In the last year, 33 states1 and Puerto Rico have proposed solutions and implementation plans to address the confusing and conflicting privacy and security requirements they identified. Another initiative will build upon these state efforts, as described below. All of this is designed to provide the guidance and resources needed to build and run secure and trusted health data exchanges.
One important lesson from the process: Privacy and security issues must be addressed whether or not health information is exchanged electronically or on paper. The work revealed significant problems in current paper-based environments, and moving to electronic data exchange—combined with the significant trustbuilding work that is required to do so—can mitigate many of those problems.
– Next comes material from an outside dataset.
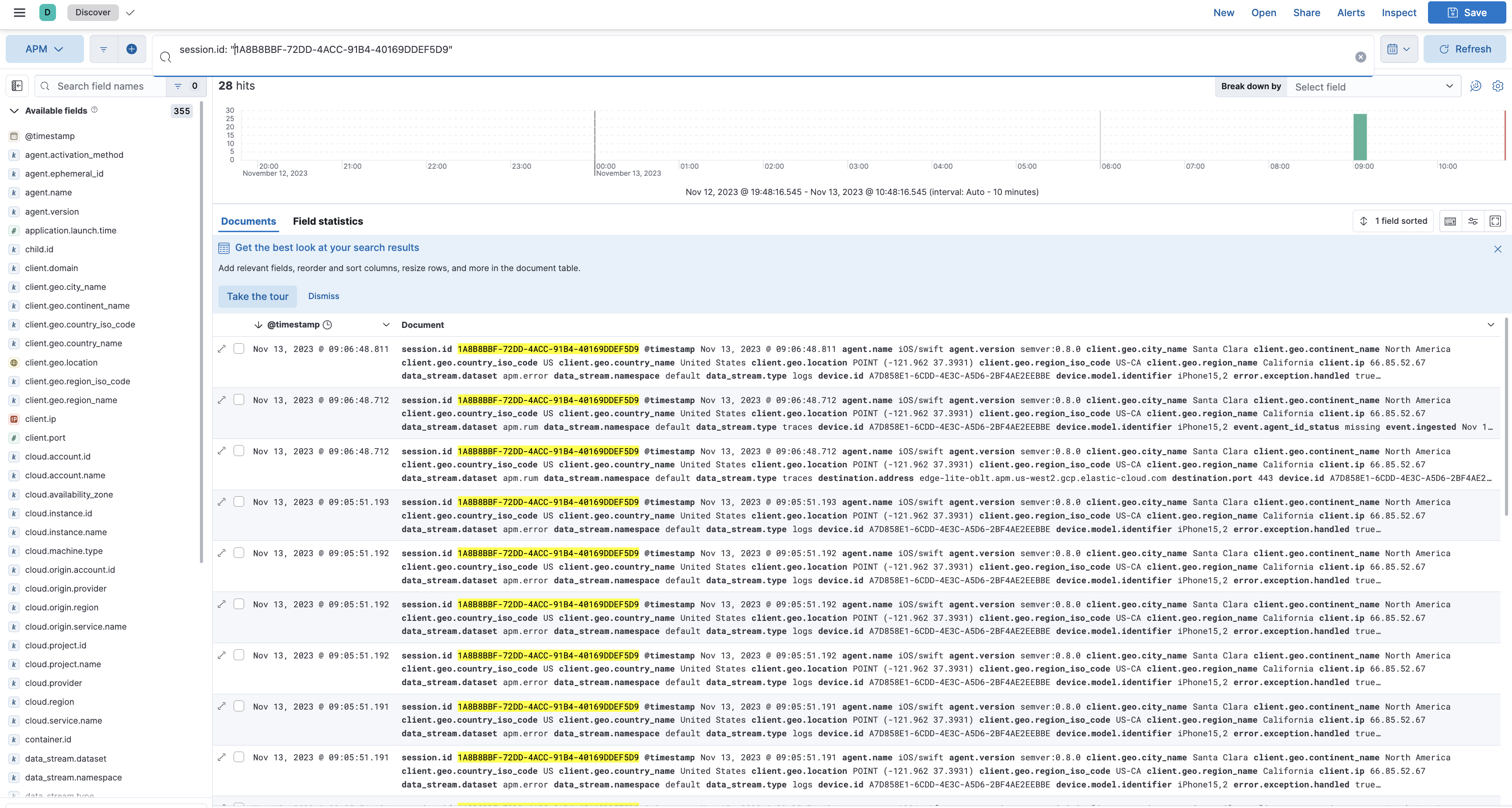 session.idfrom the relevant document. - Open the Discover page.

Although privacy policy (when should consent be required?) and security standards (how do we protect data?) are intertwined, they are two different things. A decision about privacy policy is best made by a data exchange community so that it reflects local or regional interests, while robust security standards must be adopted nationally and even internationally, so that there is an assurance of security against breaches and the ability to enforce privacy decisions even when data are sent to a distant user.